Despite audit firm promises to “align all relevant services and products to achieve net-zero greenhouse gas emissions by 2050 or sooner, scaling and mainstreaming Paris Agreement-alignment into the core of our business” (see https://www.netzeroserviceproviders.com/), the Big Four audit firms continue to sign off accounts that – apart for a few notable exceptions – assume climate change and decarbonisation are immaterial. And yet the climate crisis and the associated global drive towards net zero are reshaping markets, industries and whole economies.
An investor that ignores these profound shifts in the global economic landscape, will likely get caught holding wasting assets.

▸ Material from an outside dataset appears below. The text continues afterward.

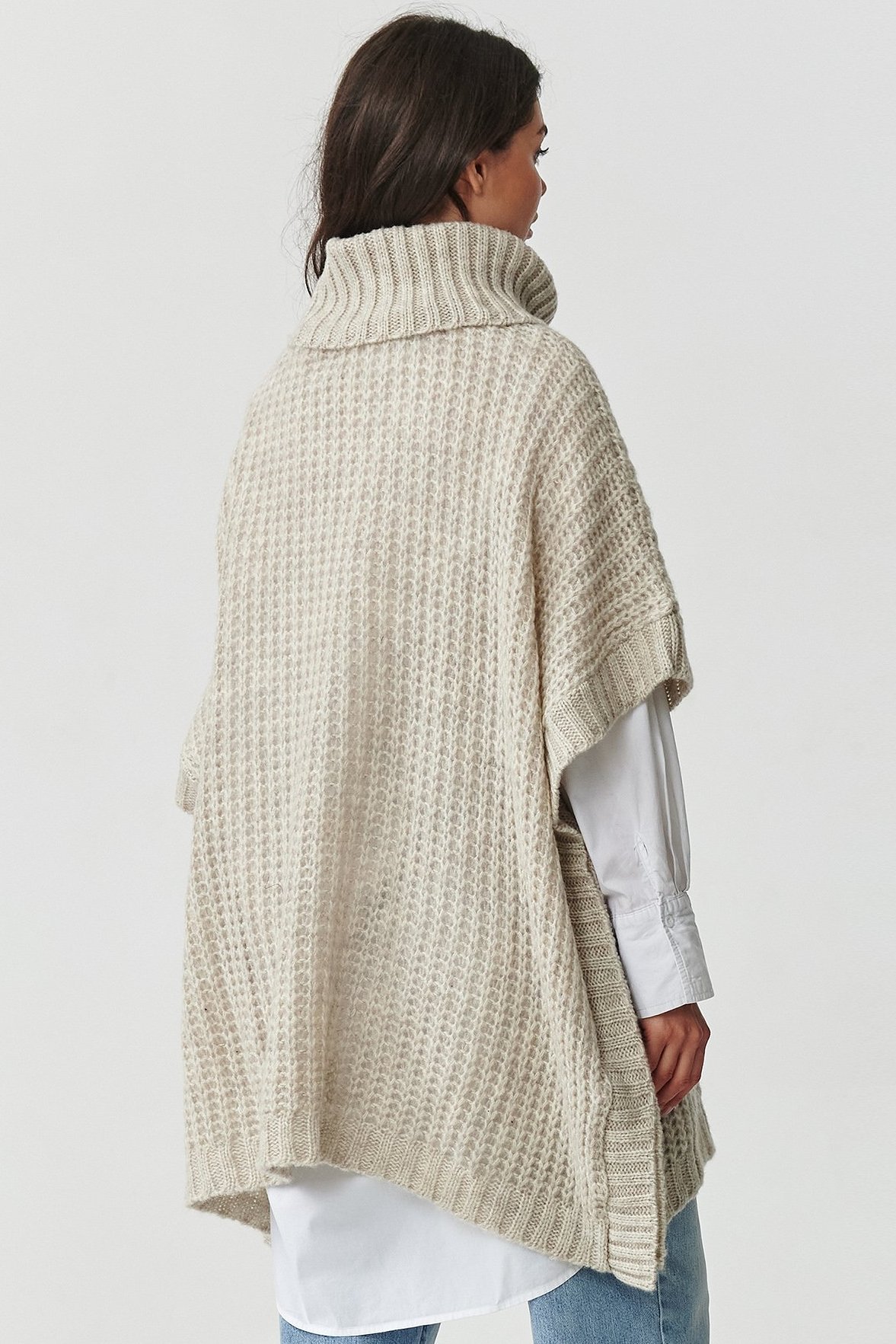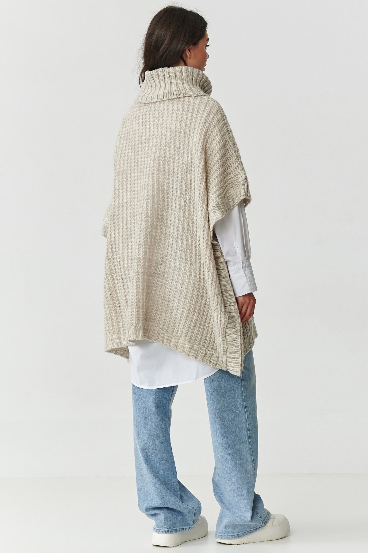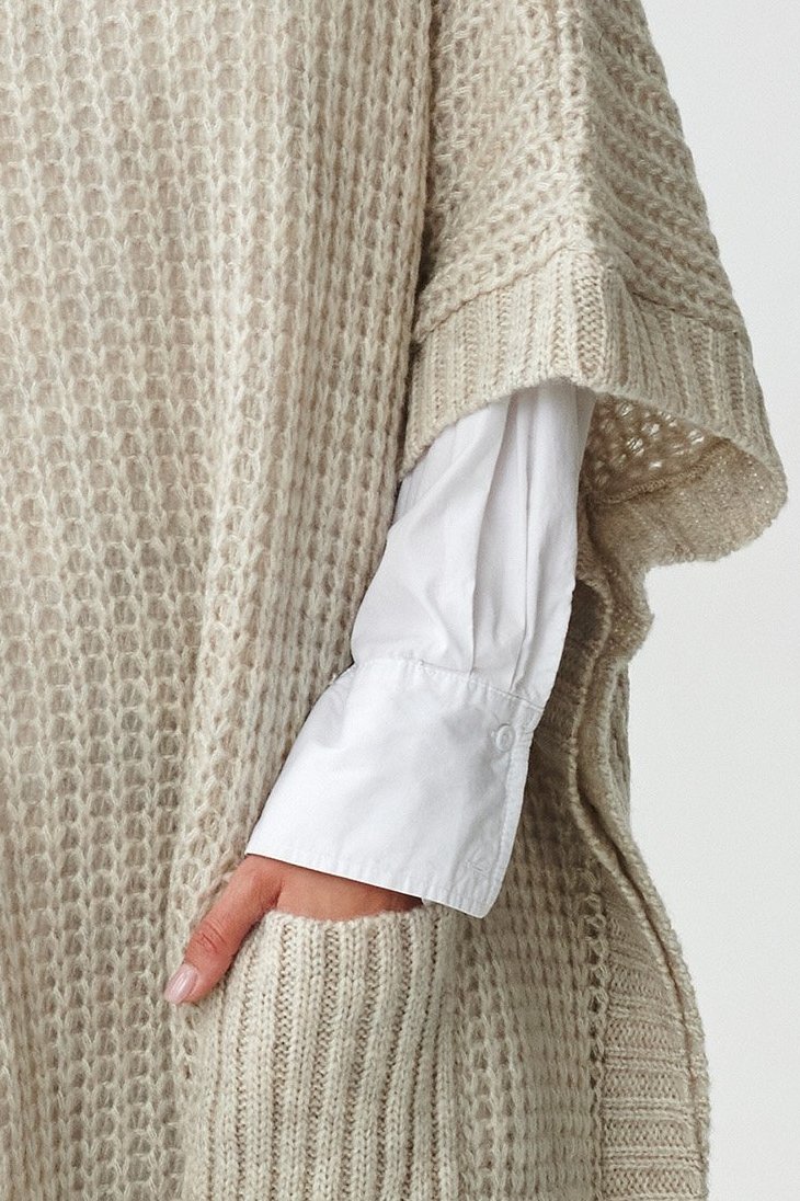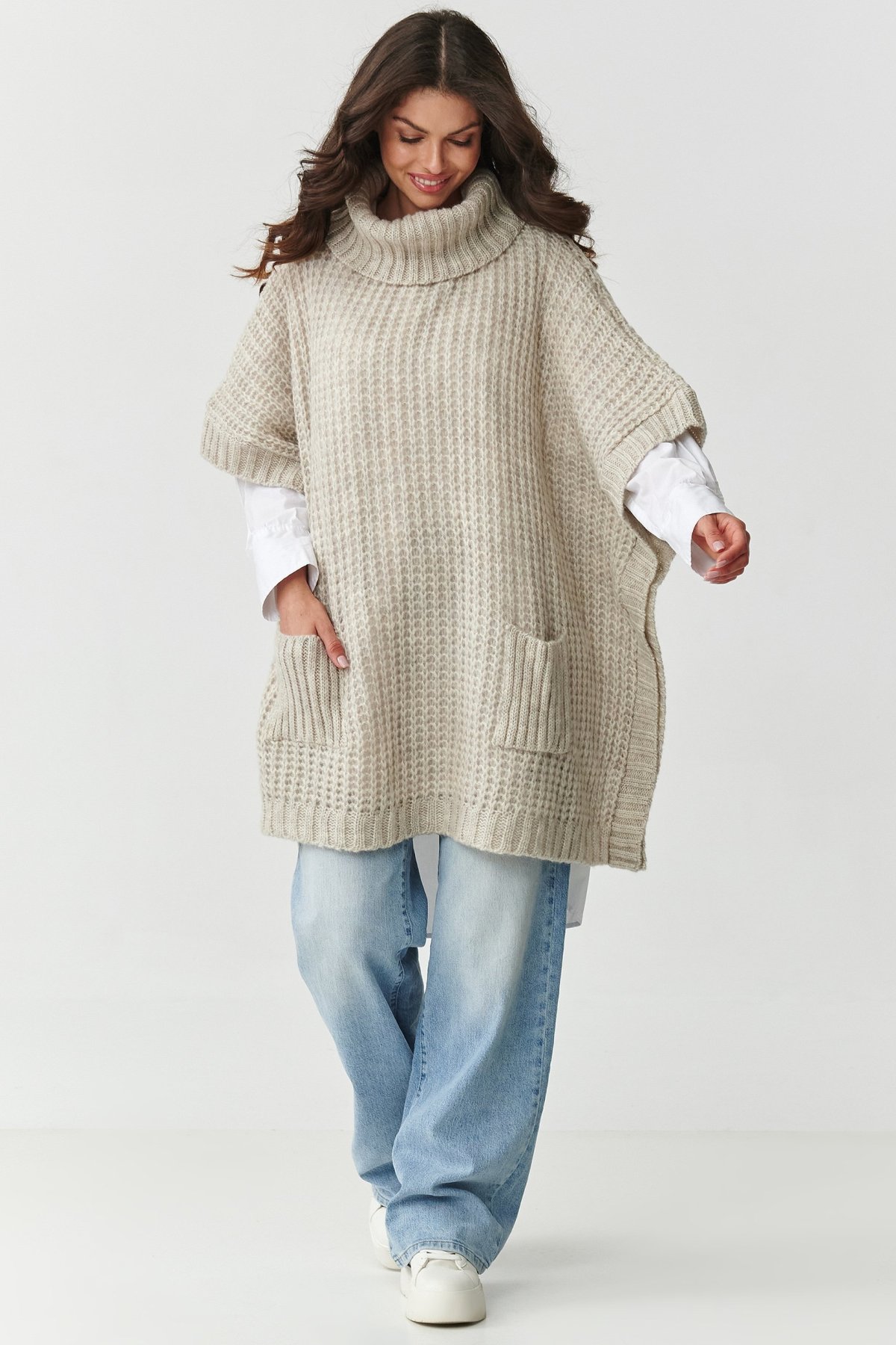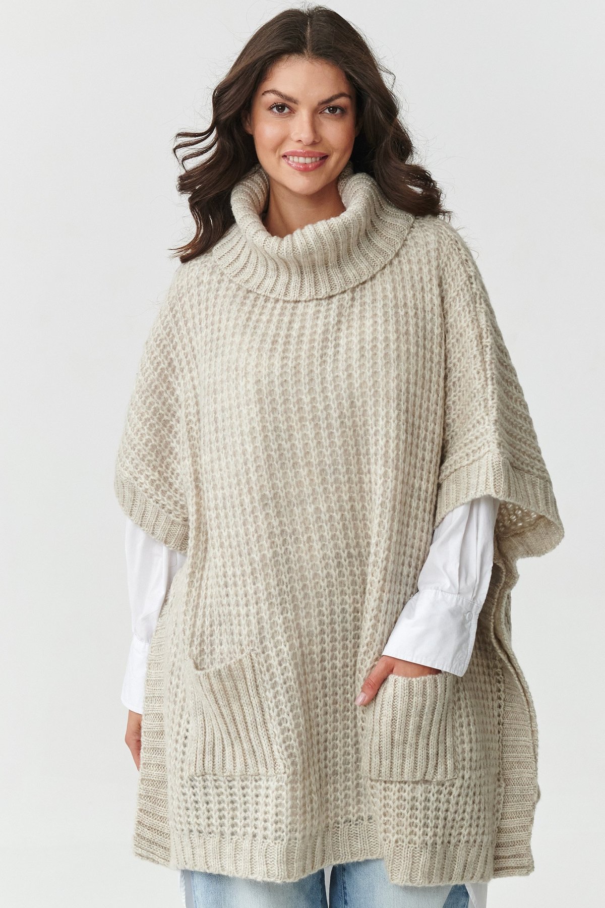 Odhalte tento výjimečný dámský svetr v podobě ponča, které v sobě spojuje módní design a neobvykle komfortní střih. Volný oversize střih s rukávy dlouhými k loktům a vysokým, volným límcem, krásně zahalí postavu a dodá ji nejen příjemné teplo, ale i žádoucí šmrnc. Praktické ,velké kapsy na přední straně svetru dodávají celku casual charakter a zaručují, že se tento kousek bude hodit pro každodenní nošení, ale doplní i elegantnější outfity. Rukávy i spodní lem jsou zakončeny úzkou manžetou. Pončo je vyrobeno ze směsice vláken akrylu, polyestru, vlny a polyamidu. Díky tomu je perfektně měkké, příjemné na dotek a zároveň pevné a odolné proti vytahání. Tlustý úplet dodává celku speciální charakter, což z něj tvoří stylový doplněk pro podzimní i zimní outfity. Nadčasové, moderní barvy se hodí ke všemu. Světle béžová představuje klasiku hodící se ke všemu, tmavě zelená je výrazná a elegantní, hnědá zase příjemně teplá a smyslná a grafitová moderní i univerzální. Pokud hledáte svetřík, který bude praktický i stylový zároveň - tohle je trefa do černého! Krásně vynikne s džínami, leginami nebo i klasickou košilí jako efektní, vrstvená stylizace. Vsaďte na teplo, pohodlí a nadčasovou eleganci - vyberte si tento kousek s rolákem a kapsami, který se rychle stane jedním z nejoblíbenějších prvků vašeho šatníku.

Investors rely on company accounts to deliver a true and fair view of the economic health of entities – this requires informed forward-looking assumptions that incorporate the real economic impacts of climate change and decarbonisation. Head in the sand accounting should be called out by auditors.
And yet, across all the companies reviewed by Greenpeace – accounts failed to properly reflect climate impact and auditors failed to call this out. In almost all cases, shareholders failed to hold either to account.
This has clear echoes of the years preceding the financial crisis – a collective blind spot for risks building up in banks’ balance sheets. This is what the Financial Stability Board is worrying about. It is time for investors to worry too. Above all, it is time for investors to vote against inadequate accounting and audit.